Evaluating the performance of classification models, particularly when dealing with imbalanced datasets, can be challenging. The f1_score() metric in scikit-learn provides a balanced measure by considering both precision and recall, making it a useful tool in such scenarios.

The F1 score is the harmonic mean of precision and recall, providing a single metric that balances the two. It ranges from 0 to 1, with 1 indicating perfect precision and recall. The F1 score is calculated as 2 * (precision * recall) / (precision + recall). This metric is particularly suitable for binary and multiclass classification problems, especially those with imbalanced datasets. However, it does not reflect the number of false positives and false negatives separately, which might be important in some contexts.

from sklearn.datasets import make_classification
from sklearn.model_selection import train_test_split
from sklearn.svm import SVC
from sklearn.metrics import f1_score

# Generate synthetic dataset
X, y = make_classification(n_samples=1000, n_classes=2, weights=[0.7, 0.3], random_state=42)

# Split into train and test sets
X_train, X_test, y_train, y_test = train_test_split(X, y, test_size=0.2, random_state=42)

# Train an SVM classifier
clf = SVC(kernel='linear', C=1, random_state=42)
clf.fit(X_train, y_train)

# Predict on test set
y_pred = clf.predict(X_test)

# Calculate F1 score
f1 = f1_score(y_test, y_pred)
print(f"F1 Score: {f1:.2f}")

Running the example gives an output like:

F1 Score: 0.67

The steps are as follows:

  1. Generate a synthetic binary classification dataset using make_classification() with class imbalance.
  2. Split the dataset into training and test sets using train_test_split().
  3. Train an SVC classifier on the training set.
  4. Use the trained classifier to make predictions on the test set with predict().
  5. Calculate the F1 score using f1_score() by comparing the predicted labels to the true labels.
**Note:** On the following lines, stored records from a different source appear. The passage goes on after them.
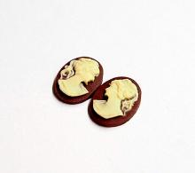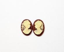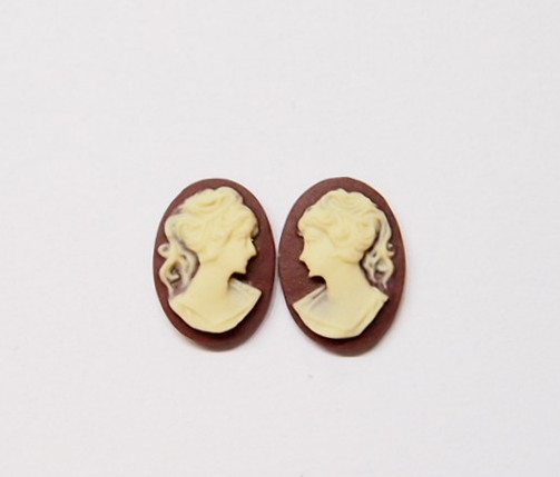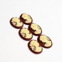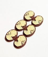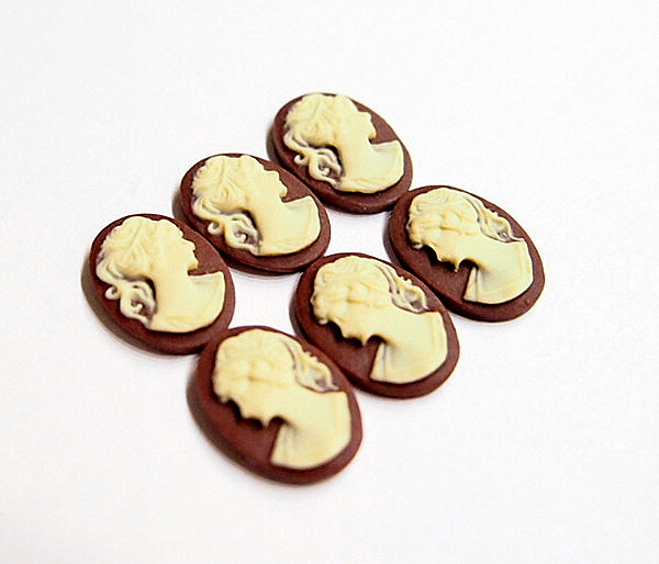 You are buying 6 of 14 mm x 10 mm Cream over Brown Ponytail Woman Cameos. They are of Beautiful woman with a small wisp of hair hanging down in the back, she is the classic woman cameo, so often seen. There is a right and left facing direction so you will receive 3 left and 3 right. These are cream color over a Brown background. They measure 14 mm x 10 mm. These would look great in earrings, bracelets, pins and rings. I have lots of Great Bails, Bracelets, Cameos, Chains, Connectors, Jump Rings, Lockets, Pendants, Pins, Rings & Settings so, just look at all my listings. I have these in 2 other Colors & in a group of 3 Colors as shown in the last picture item #110930807370. I have this style of Cameo in lots of other sizes & Colors.
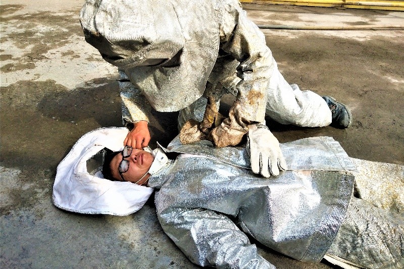 3月29日,民和公司組織開展了一次窯頭點(diǎn)火燒傷事故應(yīng)急演練。演練從事件發(fā)生、預(yù)案啟動(dòng)、傷員救治、現(xiàn)場調(diào)查、后期評估等環(huán)節(jié)模擬了窯頭點(diǎn)火燒傷事故應(yīng)急救援。充分檢驗(yàn)了公司專項(xiàng)應(yīng)急預(yù)案的針對性和有效性,進(jìn)一步強(qiáng)化了公司職工的應(yīng)急處置能力。圖為應(yīng)急演練現(xiàn)場。(蒙煒)
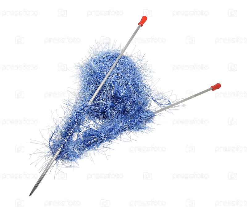 Шарик из нитей синего цвета и вязаных спиц на изолированном белом фоне
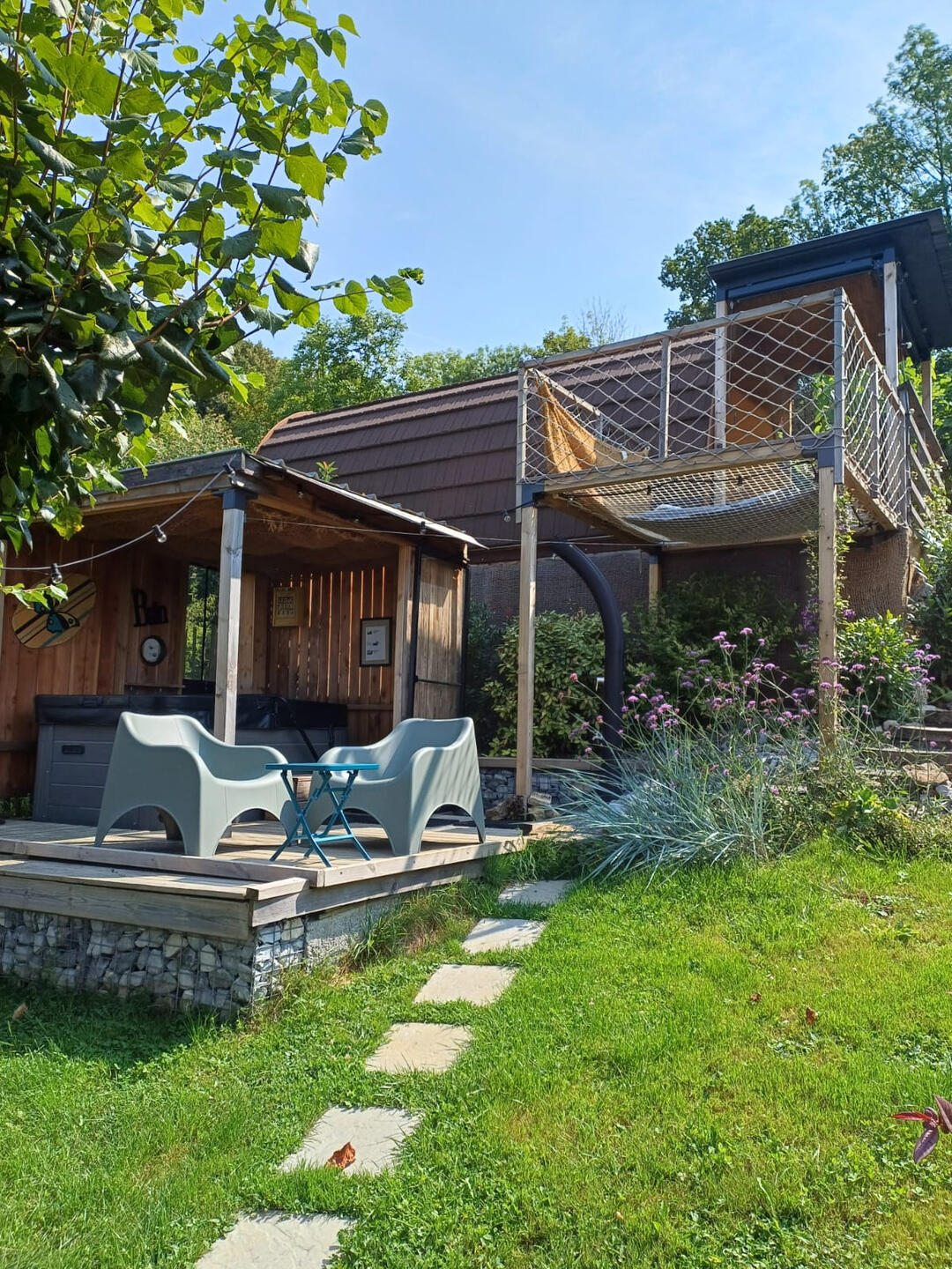 Moderne et chaleureux, avec tout le confort pour se sentir comme à la maison.Deux terrasses vous attendent, dont une avec jacuzzi privatif chauffé toute l’année à 38°, offrant une vue paisible sur le vallon.En option : un authentique grill finlandais (kota) pour des repas conviviaux au coin du feu (30€).Idéalement situé, à seulement :
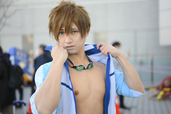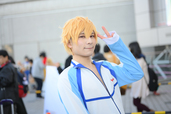 そして、2018年夏に放送されたアニメ『Free!』からは、岩鳶高校水泳部のメンバー(七瀬遙、橘真琴、葉月渚、竜ヶ崎怜)が集結。12月の中でもかなり冷え込んだコミケ1日目でしたが、その寒さを感じさせない、爽やかな姿を見せてくれました。
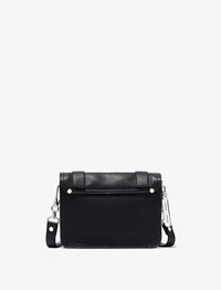 Inspired by traditional workwear satchels, the iconic PS1 family is rooted in function and ease. The PS1 Mini Crossbody Bag is crafted in soft lambskin leather and is secured by a signature silver-tone tab closure and belted straps. Features an interior compartment with a durable canvas lining and logo embossed leather patch pocket. Includes a removable, adjustable shoulder strap with hand-painted edges and an enameled logo tag. Lambskin. Made in Italy. The PS1 family consists of a Micro, Mini Crossbody, Tiny, Medium, and Large. The PS1 Mini Crossbody is the second smallest body of the family. L: 8” D: 3” H: 6” Strap: 45” / 22” Drop SKU: H00338L001P0000
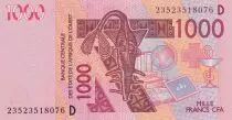 Billet BCEAO 1000 Francs - Masque - Chameaux - 2023 - Lettre D Mali
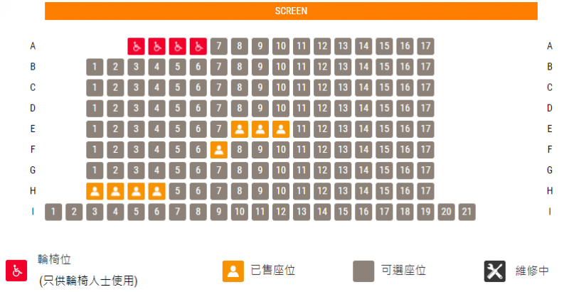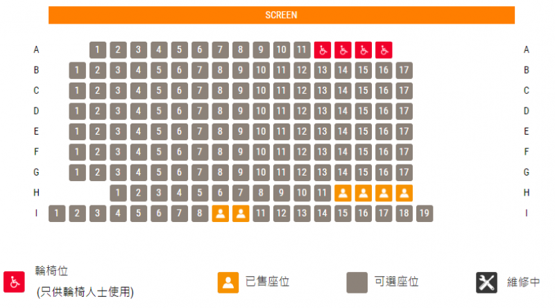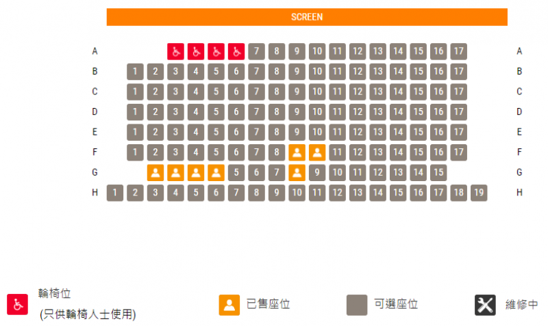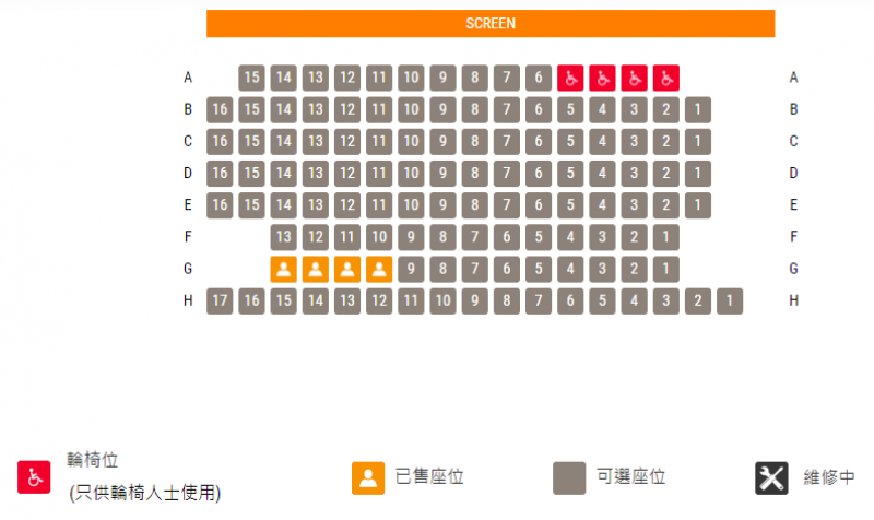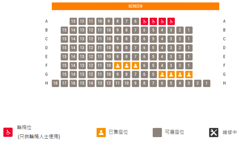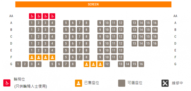 全部(1至6號)影院的輪椅位均在最前排,並均設有4個輪椅位,輪椅人士購票前需特別注意
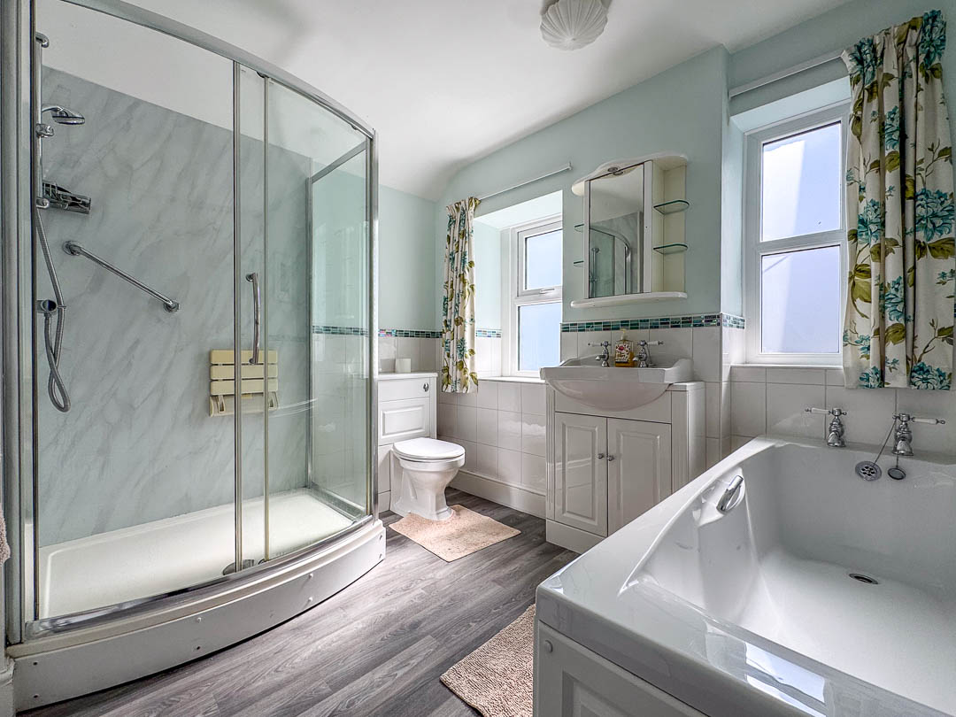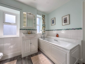 On the first floor are two generous double bedrooms, bedroom one is situated to the front and is a superb size. The family bathroom is accessed off the half landing and fitted with a modern four piece suite comprising shower cubicle, bath, wash hand basin with vanity storage below and WC. On the second floor are bedrooms three and four, both good size bedrooms enjoying sea views. In addition to the bedrooms is a bathroom, fitted with bath, wash hand basin and WC.
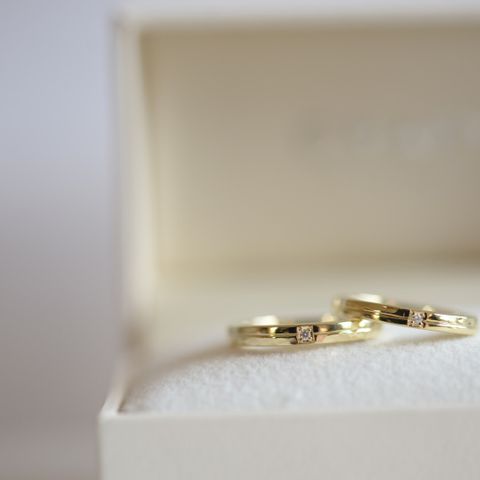 婚約指輪を決める際、2人の硬い絆を象徴トゥーアズワンダイヤについて教えてもらい、結婚指輪で絶対取り入れたいと思い、2人ともダイヤを入れました。また、思い出も作りたかったので手作りのプランにしてもらい、店舗内にある工房で職人さんと和気あいあいとしながら製作できたので、より思い入れの強い指輪ができて大満足です!
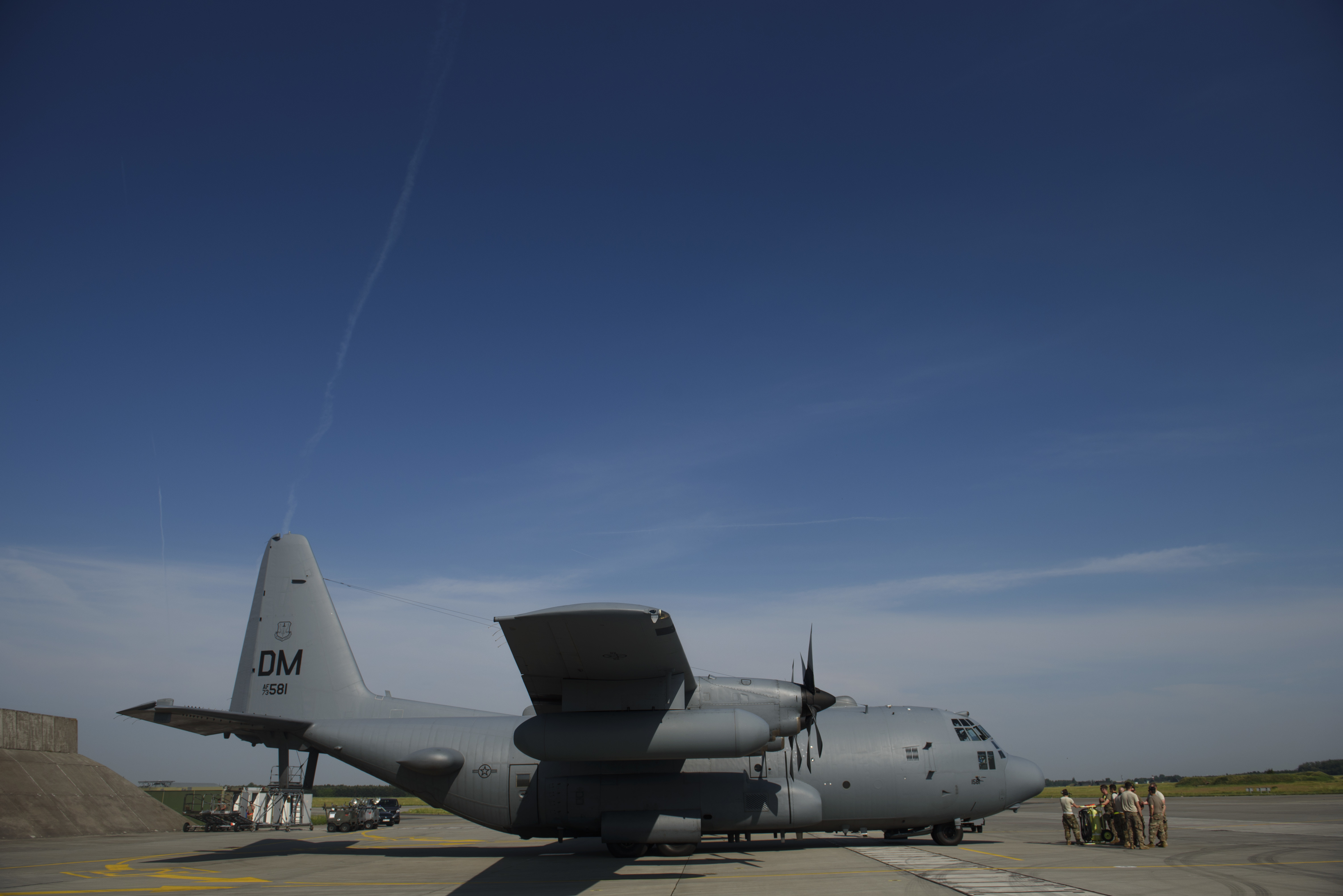 Maintenance Airmen wait for the aircrew to start engines on an EC-130H Compass Call during Aviation Rotation 19-2 at Krzesiny Air Base, Poland, June 12, 2019. This exercise provides bilateral training designed to enhance partner interoperability, maintain joint readiness and assure regional allies. (U.S. Air Force photo by Staff Sgt. Jonathan Snyder)
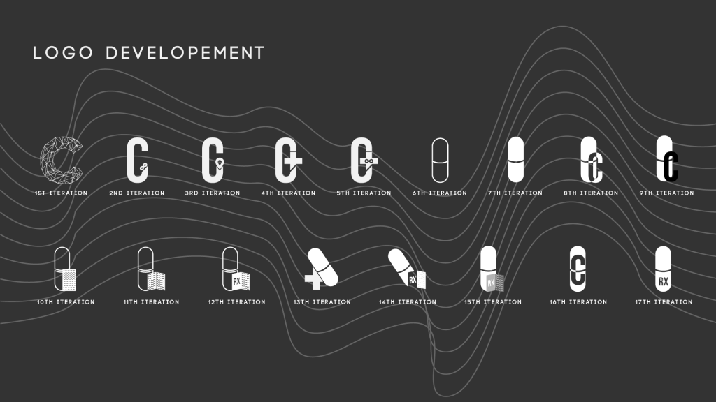 The last set of logo’s weren’t as approved as I would’ve hoped, so I revisited them and looked at other iconography associated with the medical fields, like the pill, the rx, I found a bit more info on it, it apparently comes from the Latin word “recipere” which meant a corrective course of action, its where we get the idea for a recipe, which harkens back to the days where apothecaries (precursors to practitioners of medicine) would inscribe a formula of herbs, spices, and other ingredients (as opposed to modern day drugs which have all the necessary ingredients in one pill) to patients so that they could get better.

First, we generate a synthetic binary classification dataset using the make_classification() function from scikit-learn. This function creates a dataset with 1000 samples and two classes, with a 70-30 class imbalance, allowing us to simulate a realistic classification problem without using real-world data.

Next, we split the dataset into training and test sets using the train_test_split() function. This step is crucial for evaluating the performance of our classifier on unseen data. We use 80% of the data for training and reserve 20% for testing.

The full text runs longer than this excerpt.